Gruppendenken und typisch «britische Selbstüberschätzung», auch unter den wissenschaftlichen Beratern, hätten dazu geführt, dass man erfolgreiche Aktionen anderer Staaten – wie etwa Südkoreas – in der Anfangsphase schlicht ignorierte: «Dabei zählte damals jede Woche», heisst es im Bericht. Ebenso steht darin, dass man es lange an Testkapazität im Land habe fehlen lassen.
Regierung hielt Tests für sinnlos
Noch im März 2020 hatte die Regierung sogar beschlossen, Massentests ganz abzublasen, weil sie solche Tests für sinnlos hielt.
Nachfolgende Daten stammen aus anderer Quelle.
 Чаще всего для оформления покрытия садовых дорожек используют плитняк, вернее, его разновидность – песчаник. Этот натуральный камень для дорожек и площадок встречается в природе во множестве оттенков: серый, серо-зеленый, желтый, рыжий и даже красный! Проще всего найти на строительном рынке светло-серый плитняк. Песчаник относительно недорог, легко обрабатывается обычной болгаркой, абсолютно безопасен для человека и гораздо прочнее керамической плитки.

Der spätere Aufbau eines «Test-and-Trace-Systems» sei wiederum «langsam, ungewiss und oft chaotisch» vor sich gegangen und habe so die Fähigkeit zur Bekämpfung der Pandemie erheblich beeinträchtigt – trotz der enormen Gelder, die der Staat seinerzeit in dieses (teils kommerziell betriebene) System investierte.
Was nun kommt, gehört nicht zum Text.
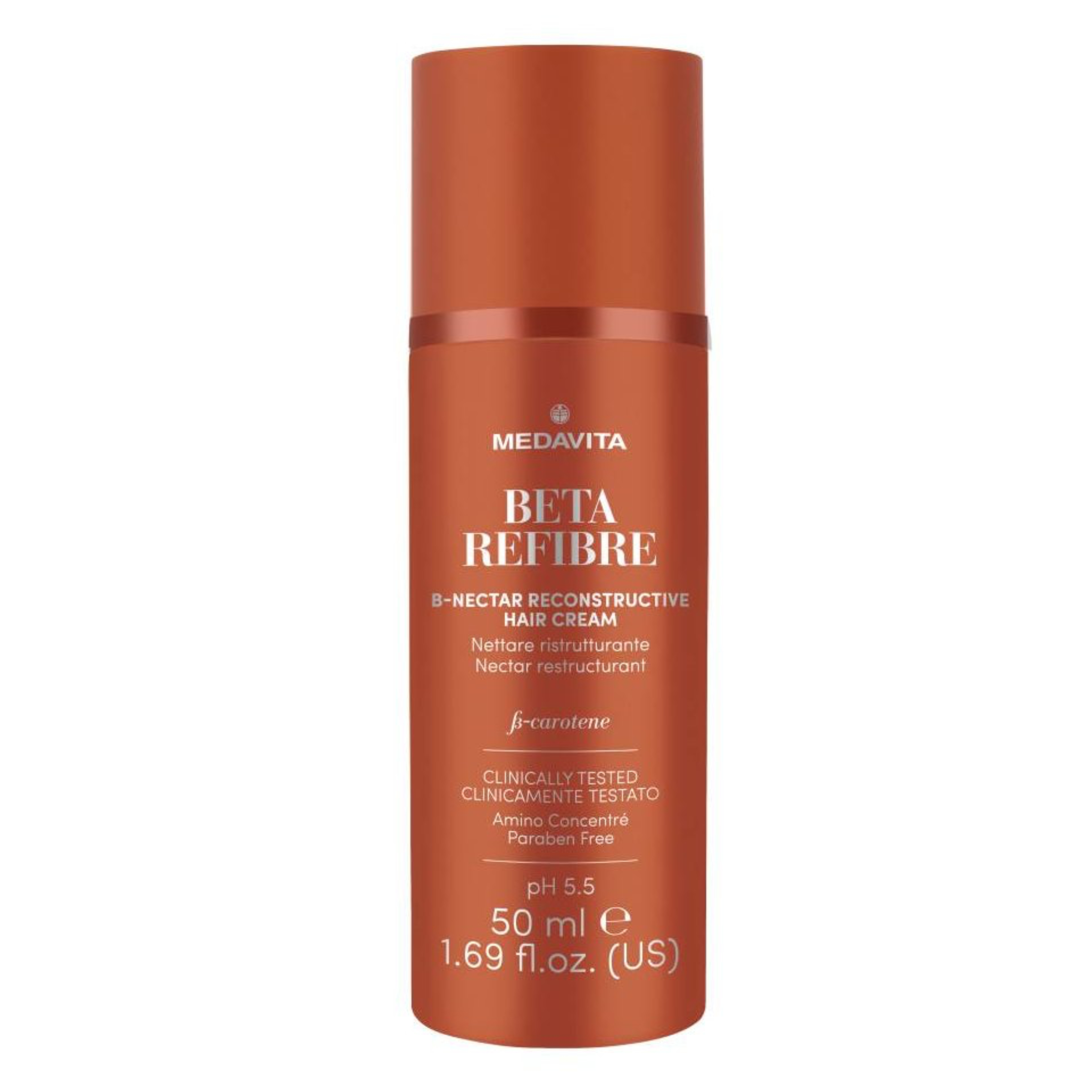 MedaVita Beta Refibre obnovující vlasový krém - nektar na vlasy (B-Nectar Reconstructive Hair Cream pH 5.5) je zkrášlující nektar na vlasy s okamžitým kosmetickým účinkem. Rekonstrukční nektar již od první aplikace dodává vlasům poddajnost a lesk. Betakaroten s obnovujícími účinky chrání vlasy před poškozením způsobeným fyziologickými procesy dehydratace a stárnutí a také před negativními účinky v důsledku chemického ošetření vlasů a působení znečištěného okolního prostředí. Nektar obohacený o sezamový olej dodává oslabeným, unaveným, vyčerpaným vlasům bez lesku intenzivní výživu a lesk. Jeho složení s obsahem vzácného komplexu Amino Concentrée přináší vlasům dlouhodobé obnovující účinky.

Die Ironie bei der Sache sei gewesen, klagen die Abgeordneten, dass Grossbritannien schon im Januar 2020 Covid-Tests entwickelte und so «eines der ersten Länder» mit diesen Möglichkeiten gewesen sei. Seinen Vorsprung in diesem Punkt habe London aber vergeudet. Es sei «ein unglaublicher Rückschlag» gewesen, dass ausgerechnet «ein Land mit einer Datenanalyse von Weltrang der grössten Gesundheitskrise seit 100 Jahren praktisch ohne Daten zum Analysieren gegenüberstand».
Lob zollt der Untersuchungsbericht der frühen Entwicklung und dem erfolgreichen Einsatz von Impfstoff in Grossbritannien sowie der Entwicklung einer Reihe von Medikamenten seit Beginn der Pandemie.
Bericht weckt auch Zweifel am gegenwärtigen Kurs der Regierung.
Scharfe Kritik übt er dagegen am mangelnden Schutz von Behinderten, von Menschen in Alters- und Pflegeheimen und von dunkelhäutigen Mitbürgern und Mitgliedern anderer ethnischer Minderheiten. Auch seien Grenzkontrollen nicht rechtzeitig eingeführt worden, als noch Zeit dafür war.
Der Bericht der beiden Ausschüsse hat unterdessen neue Zweifel geweckt am gegenwärtigen Kurs der Regierung. Denn seit Juli sind in England fast alle Sicherheitsvorkehrungen abgeschafft – wie die Pflicht zum Maskentragen oder zum Abstandhalten. Weder bei Gaststätten-Besuchen noch bei Grossveranstaltungen ist das Vorzeigen von Impfausweisen oder von Testnachweisen gesetzlich vorgeschrieben.
Die Regierung hat zudem alle Bürger aufgefordert, zurück an ihren Arbeitsplatz zu gehen. In Geschäften und selbst im Nahverkehr tragen immer weniger Briten einen Mund-Nasen-Schutz. Dabei meldet Grossbritannien noch immer etwa 40’000 Neuinfektionen pro Tag, und im Schnitt 140 Tote. Unabhängige Experten haben bereits gewarnt, dass das Aufkommen einer neuen Virusvariante in diesem Winter «katastrophale Folgen» haben könnte. Es sei «total leichtfertig» von der Regierung, mit simplen Vorsichtsmassnahmen zu warten, bis sich die Lage im Land erneut verschlechtere. Der Regierungschef hält sich zurzeit ferienhalber in Spanien auf.